Luigi Ghirri, Marina di Ravenna, 1986. C-print, vintage print Eredi di Luigi Ghirri. Courtesy Eredi di Luigi Ghirri / ©Eredi di Luigi Ghirri.
Luigi Ghirri, Marina di Ravenna, 1972. C-print, vintage print CSAC, Università di Parma. Crediti fotografici: CSAC, Università di Parma / ©Eredi di Luigi Ghirri.
Viaggio in Italia (1984) è una pietra miliare per la storia della fotografia italiana: negli anni Ottanta una serie di incarichi pubblici portano Ghirri a “guardare di nuovo” il suo Paese e a contribuire insieme ai più importanti fotografi – tra gli altri Basilico, Castella, Chiaramonte, Guidi, Jodice – a tracciare una nuova tendenza della ricerca fotografica sul paesaggio. “Se le fotografie ‘di viaggio’ di Ghirri sembrano talvolta affini alle foto scattate dai turisti – afferma James Lingwood, curatore della mostra – sono tuttavia molto diverse”. Il fotografo “non mira a creare una raccolta di momenti memorabili, né a sottolineare la bellezza o l’importanza di un luogo, ma a costruire un quadro riflessivo di una cultura definita e modellata dalle immagini e dalla loro creazione”. Questa attitudine è più evidente dove il tema esprime immagini ben note al pubblico, come i celebri Faraglioni fotografati all’interno del libro Capri (1983) o Versailles (1985), dove i toni tenui e la luce quasi irreale creano un senso di intimità che a prima vista ci fa scambiare la fotografia per un dipinto.
Luigi Ghirri, Capri, 1981. C-print, new print (2008) Eredi di Luigi Ghirri.

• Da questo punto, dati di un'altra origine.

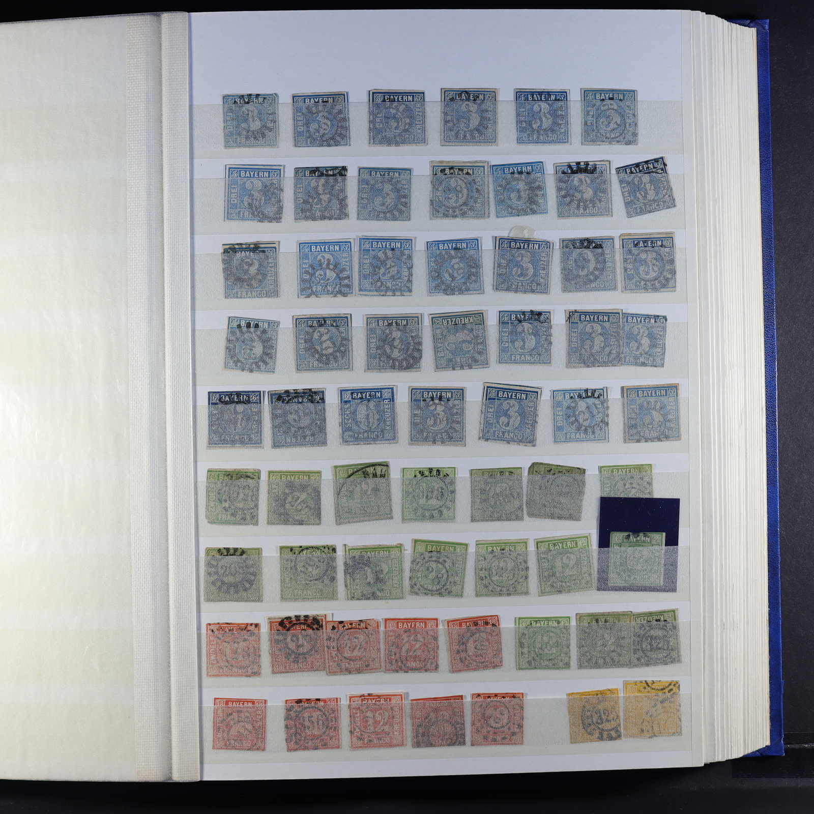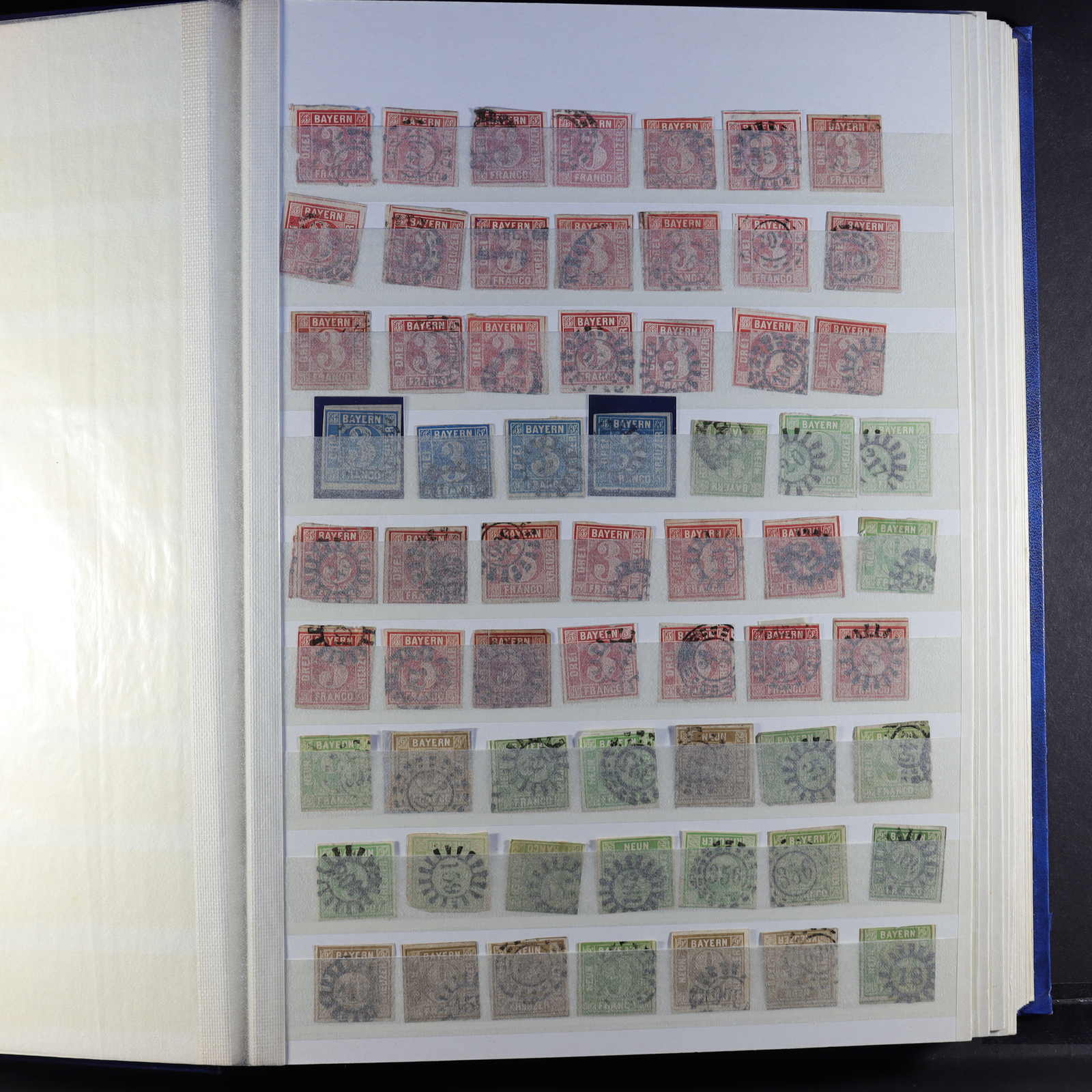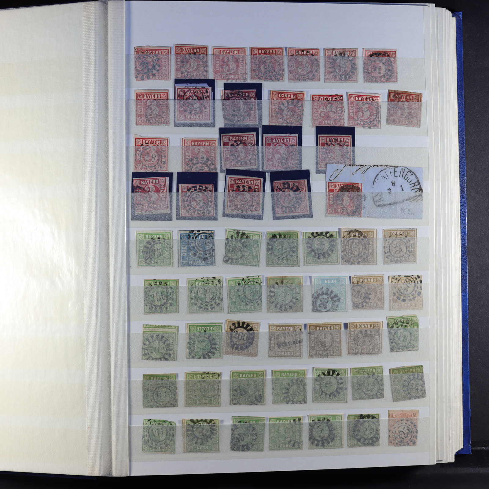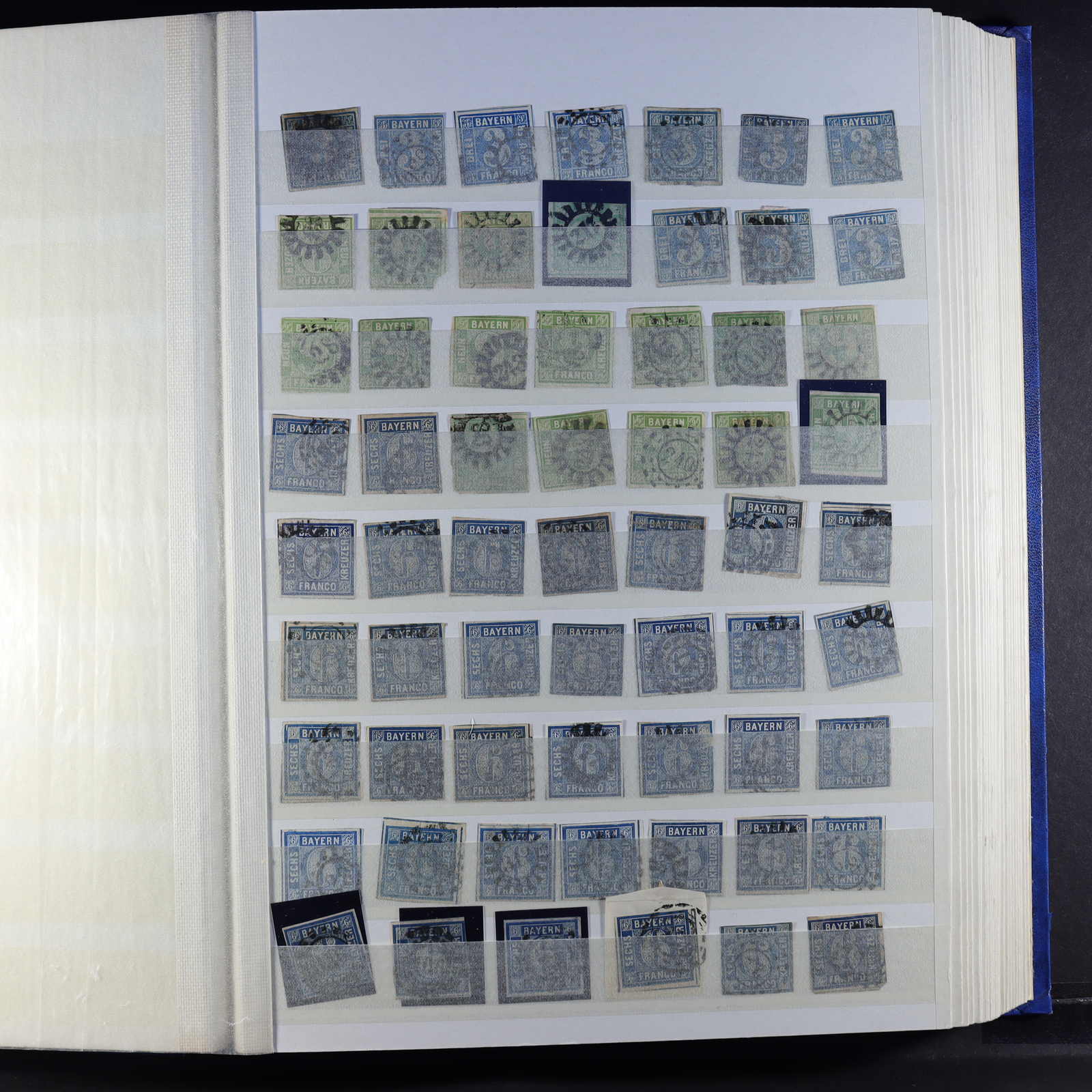 BAYERN: 1849/1920, gestempelte Sammlung auf Blanko-Albenseiten, nicht komplett, jedoch etliche bessere Werte enthalten, u.a. Mi-Nr. 2 I, 4 I, 7, 13 a, 18-19, 29 Y a/b, 32 c, 34-36, 43, D 1-43 und P 4-13, dazu viele Plattenfehler,

Courtesy Eredi di Luigi Ghirri / ©Eredi di Luigi Ghirri.
Luigi Ghirri, Versailles, 1985. C-print, vintage print Collection Massimo Orsini, Mutina for Art. Crediti fotografici: Massimo Orsini, Private Collection.
Lungo il percorso espositivo della mostra risulta chiaro come ogni foto, benché riferita a un’occasione specifica, rimandi ad un’altra, scattata per una serie diversa. Questa sequenza visiva e mentale costituisce un vero e proprio racconto, una trama che si costruisce attraverso pause e collegamenti. Nel passaggio da una fotografia all’altra, il fruitore comprende come le immagini abbiano un valore che va al di là della propria singolarità, del loro essere viste isolatamente. “La ricerca di Ghirri” – afferma sempre Celati – “consiste soprattutto in questo tentativo di aderire al modo di visione previsto dalla cosa fotografata, rinunciando il più possibile ad un suo proprio punto di vista”. Le cose, in sostanza, vanno viste nel modo in cui ci chiedono d’essere viste, e vanno ascoltate per ciò che possono dirci.
Per usare le parole di Luigi Ghirri “i luoghi, gli oggetti, le cose o i volti incontrati in questi paesaggi, aspettano semplicemente che qualcuno li guardi, li riconosca, e non li disprezzi relegandoli negli scaffali dello sterminato ‘supermarket dell’esterno’. Questi paesaggi che appartengono al nostro esistere, forse chiedono di non essere confinati nella modernità, nei deserti o nelle terre desolate, e per questo aspettano da noi nuove parole o figure, perché quelle che conosciamo sono troppo usurate e incapaci di comprenderli, perché il paesaggio di cui parliamo, luogo del presente, si trasformi e non rimanga il luogo di nessuna storia e nessuna geografia”.
A corredo della mostra è stato pubblicato un elegante catalogo con testi di Tobia Bezzola, James Lingwood e Maria Antonella Pelizzari, edito da Mack Books. Il volume si apre con la sezione delle fotografie e si conclude con i testi, l’elenco delle opere, una biografia ed esaustivi apparati bibliografici.